Current Ophthalmic Surgical Techniques

As of 2004, 4.1 million people in the United States suffered some form of diabetic retinopathy, and that number has steadily increased each year.¹ Preventive surgeries must be performed on these patients regularly to seal the leaking blood vessels on the retina. For this task, a KTP laser ($\lambda =532\mathrm{nm}$) and multimode optical fibers are used to create hundreds of therapeutic lesions by photocoagulation alongside a vitrectomy procedure to remove debris in the eye.² In advanced cases, like proliferative diabetic retinopathy (PDR), the debris inside the eye settles, forming encrusted layers as well as exudate deposits on the retina. As the density of these deposits increases, especially if they form on the macular region, vision becomes greatly impaired. The current surgical procedure for PDR requires the tedious use of micro-hook needles, forceps, and other instruments to remove deposits from the retina.³ Incomplete removal of these deposits is the primary reason for retinal re-detachment and surgical failure rates. These tedious techniques create prolonged stress on the surgeon’s steadiness and the patient’s eye, allowing for errors like accidental puncture, tearing, and detachment. For these reasons, the surgical procedure for PDR, advanced retinopathy of prematurity, and other similar intraocular surgeries could benefit from an ultraprecise contact laser probe for ablation of ophthalmic tissues. Conventional fiber-optic-based surgical laser probes are designed to operate either at a fixed working distance from the tissue or in contact with the tissue with relatively large spot diameters (e.g., $>100\mathrm{\mu m}$). These fibers and laser probes are not widely used in intraocular laser surgery, except for thermal coagulation, because they lose their ability to focus light in aqueous media.

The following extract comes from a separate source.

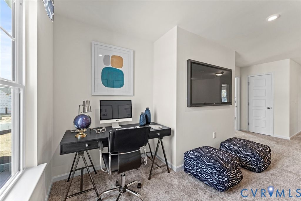 MEET THE CURIE! The Curie offers 6 BEDROOMS and 3 BATHS, including a first-floor guest suite. As you enter through the foyer, you are welcomed by a flex room that offers endless possibilities! If you love to entertain, set this space up as a formal dining room or if you're looking for a home office, add the french doors and create a private space ideal for working from home! Continuing on is the chef's kitchen with large center island, loads of counterspace and a pantry for storage. The kitchen overlooks like the dining area and family room (optional fireplace). There's a first-floor guest suite just off the living area with a walk-in closet and full bath. Upstairs, you'll find your Primary Suite with large walk-in closet and private bath with shower and double vanity! Four additional bedrooms, a full bath and laundry room complete the tour. ACT SOON - List price includes base price, suite and 5th bedroom, Purchaser may select structural and design options for an additional cost. The Curie offers the following options: fireplace in family room, morning room with loads of natural light, covered or screen porch and 3-car garage! Nestled on spacious, wooded homesites, Qualla Trace offers a tranquil setting with easy access to Hull Street Road and Iron Bridge Road for dining, shopping, and entertainment. Enjoy stress-free commutes with convenient routes to Route 1, the U.S. Defense Supply Center and 288, making it simple to navigate the Richmond metro area. (HOME IS NOT YET BUILT - Photos & visual tour are from builder's library & shown as an example only. Features & options will vary).

In contrast, the novel laser probe discussed here may operate to ablate the tissue in contact mode. The highly focused beam at the probe’s surface combined with the short optical penetration depth of the erbium:YAG laser may allow better surgical results in more sensitive and thin areas like the macula, where detailed vision is achieved and surgical precision is most important. Replacement of mechanical intraocular surgical instruments with a laser probe that has a much smoother tip with a tractionless method for tissue engagement may also reduce mechanical retinal surface damage as well as retinal detachments.⁴

1.2.

Erbium:YAG Laser for Tissue Ablation

The Er:YAG laser is currently used in the medical fields of dermatology,^5,6 dentistry,^7,8 and ophthalmology^9–15 because the 2940-nm wavelength closely matches a major water absorption peak in tissue [Fig. 1(a)], resulting in an optical penetration depth (OPD) of approximately 5 to 10 μm for soft tissues. The ablation threshold needed to achieve soft tissue removal using the Er:YAG laser is $\sim 1.6\mathrm{J}/{\mathrm{cm}}^2$,¹⁶ and thermal damage depths at the bottom of the ablation craters created in cornea tissue at high fluence are between 10 and 50 μm.¹⁷ In the case of PDR surgery, the Er:YAG laser’s short OPD will mean ablating the exudate deposits while minimizing thermal damage to the underlying retina, which is critical. Since most current applications of the Er:YAG laser are in dermatology and dentistry, where the tissue is readily accessible, a waveguide or fiber, although preferred, is not required to deliver the laser energy to the tissue. However, for endoscopic applications, like intraocular surgery, a specialized fiber optic delivery system is required because common silica-based fibers do not transmit beyond $\sim 2500\mathrm{nm}$. Germanium oxide mid-IR fibers and hollow waveguides have been developed and tested to overcomethis issue, and they provide flexibility and high transmission. Previous studies using the Er:YAG laser during vitrectomy procedures have been reported by D’Amico, Joseph, and Hoerauf.^13,18–23 These studies did not use contact probes but fibers and devices at varying distances from retinal and membrane tissue with spot sizes greater than 100 μm.

Fig. 1

(a) Water absorption data plotted across mid-IR wavelengths (peak absorption occurs at $\lambda =2940\mathrm{nm}$);²⁴ (b) Er:YAG normal spiking mode, 75-μs pulse profile.

1.3.

Surgical Laser Microprobes and Microspheres

Over the past 20 years various optical devices including spheres,²⁵ hemispheres, domes, cones, slanted shapes,^26,27 cylindrical gradient index (GRIN) lenses,²⁸ and tapered fibers have been used as tips for ophthalmic laser scalpels. However, these devices are typically designed to operate in noncontact mode in air at a fixed working distance from the tissue. Contact mode probes can be created by placing a single sphere with a high index of refraction, between 1.7 and 2.0, at the end of a waveguide or optical fiber. Spheres at these indices will focus an incident plane wave on the back surface to a focal point near the front surface. Fast focusing through the sphere also creates a fast divergence after the sphere. This property can be used to decrease the effective penetration depth in tissue by allowing only the light near the surface of the sphere to have an energy density sufficient to ablate tissue. Working in contact mode eliminates any intervening water layer which would otherwise strongly attenuate the mid-IR laser radiation.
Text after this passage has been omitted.